Domestic Diversions

Impaired parenting

The New York Times explains the dangers children face from drunk drivers.

Matther L. Wald writes (excerpt):
The report, “Every Child Deserves a Designated Driver,” which uses a government definition of children as those 14 and under, contradicts the stereotype of the lone drunken driver smashing into a car in which a family is riding or running down children playing in the street. According to the National Highway Traffic Safety Administration, the vast majority of children killed by drunken drivers are in vehicles, and not pedestrians or cyclists.

And of the 1,985 children who died from 1997 to 2001 as passengers in alcohol-related accidents, 1,349, or 68 percent, were in cars whose drivers had measurable levels of alcohol, government statistics show. Within that group, about three-quarters, a total of 1,016 children, were in cars whose driver’s blood alcohol level was over 0.08 — that is, 0.08 gram of alcohol per deciliter of blood — the national standard for being under the influence.

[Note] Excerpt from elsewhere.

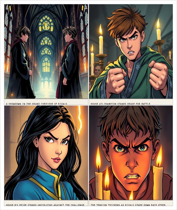 Panel 1 – Corridor Encounter: In a long, high-ceilinged corridor of the magical school, minimalist stained glass windows reflect the flickering light of floating candles. Two students from rival houses stand facing each other, about two to three meters apart, exchanging sharp, tense stares. Their robes sway slightly from a gentle draft, and their hair lifts with the wind. Candlelight highlights their faces, emphasizing the mix of anger, suspicion, and wariness as every step in the corridor feels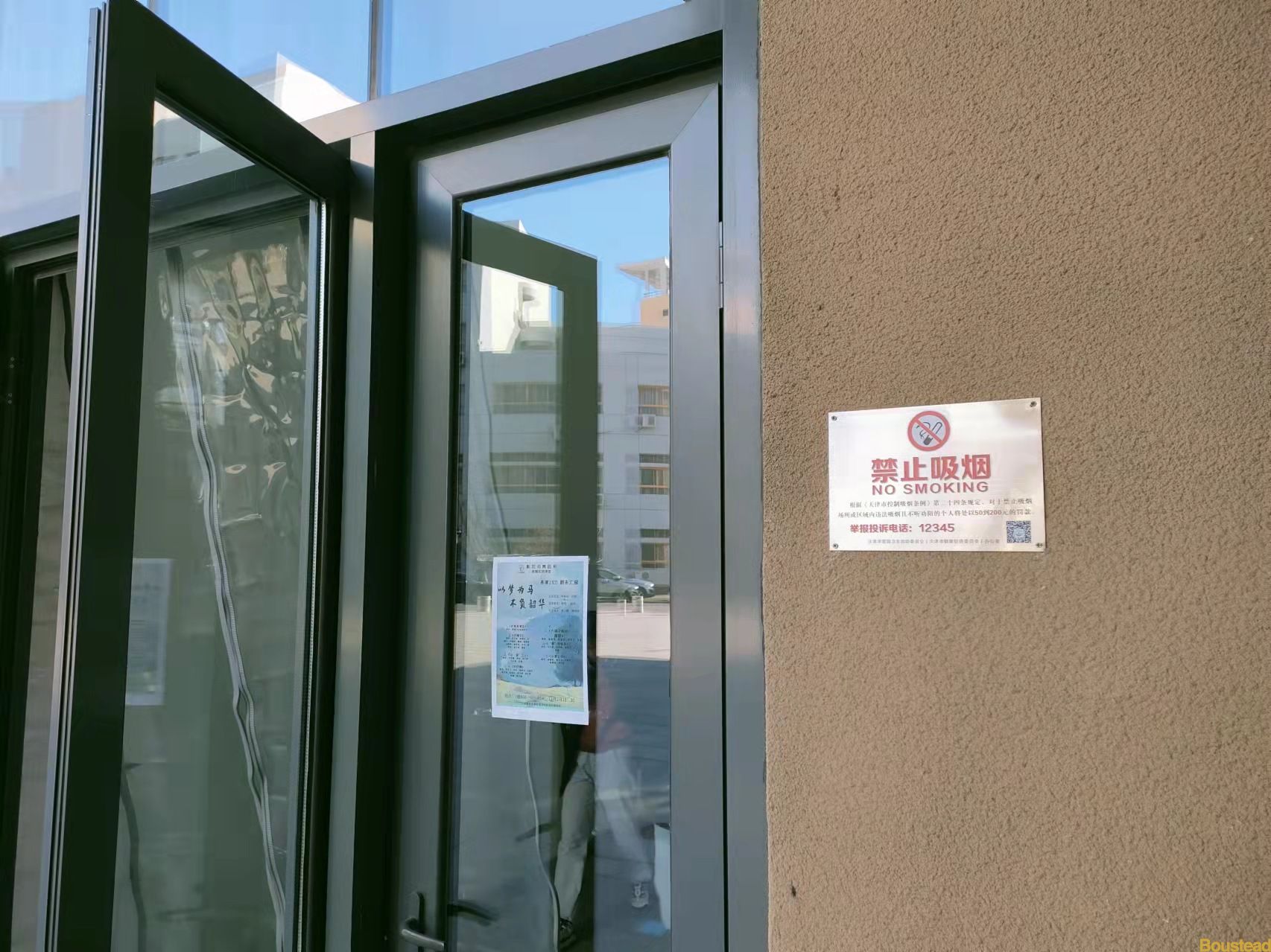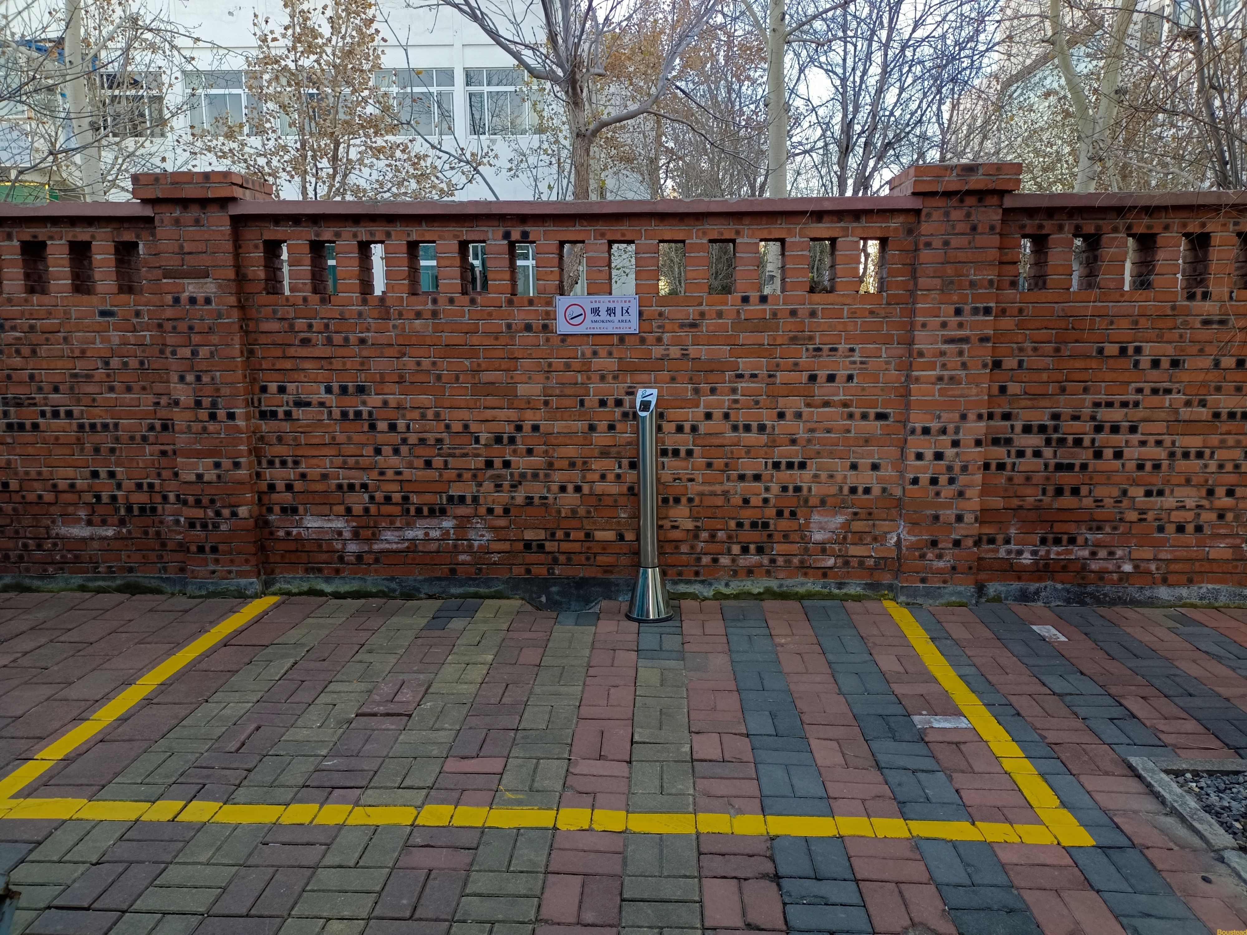 同时,在主楼北侧、F座南侧、D座西侧划定三处室外吸烟区。

Experts say the danger to children transcends the increased risk that a driver who has been drinking will simply have an accident. Ralph W. Hingson, director of epidemiology and prevention research at the National Institute on Alcohol Abuse and Alcoholism, one of the National Institutes of Health, said the higher the blood alcohol, the less likely the driver would be wearing a seat belt. And if the driver is not buckled, Dr. Hingson said, child passengers are less likely to be using an infant seat, a booster seat or a seat belt.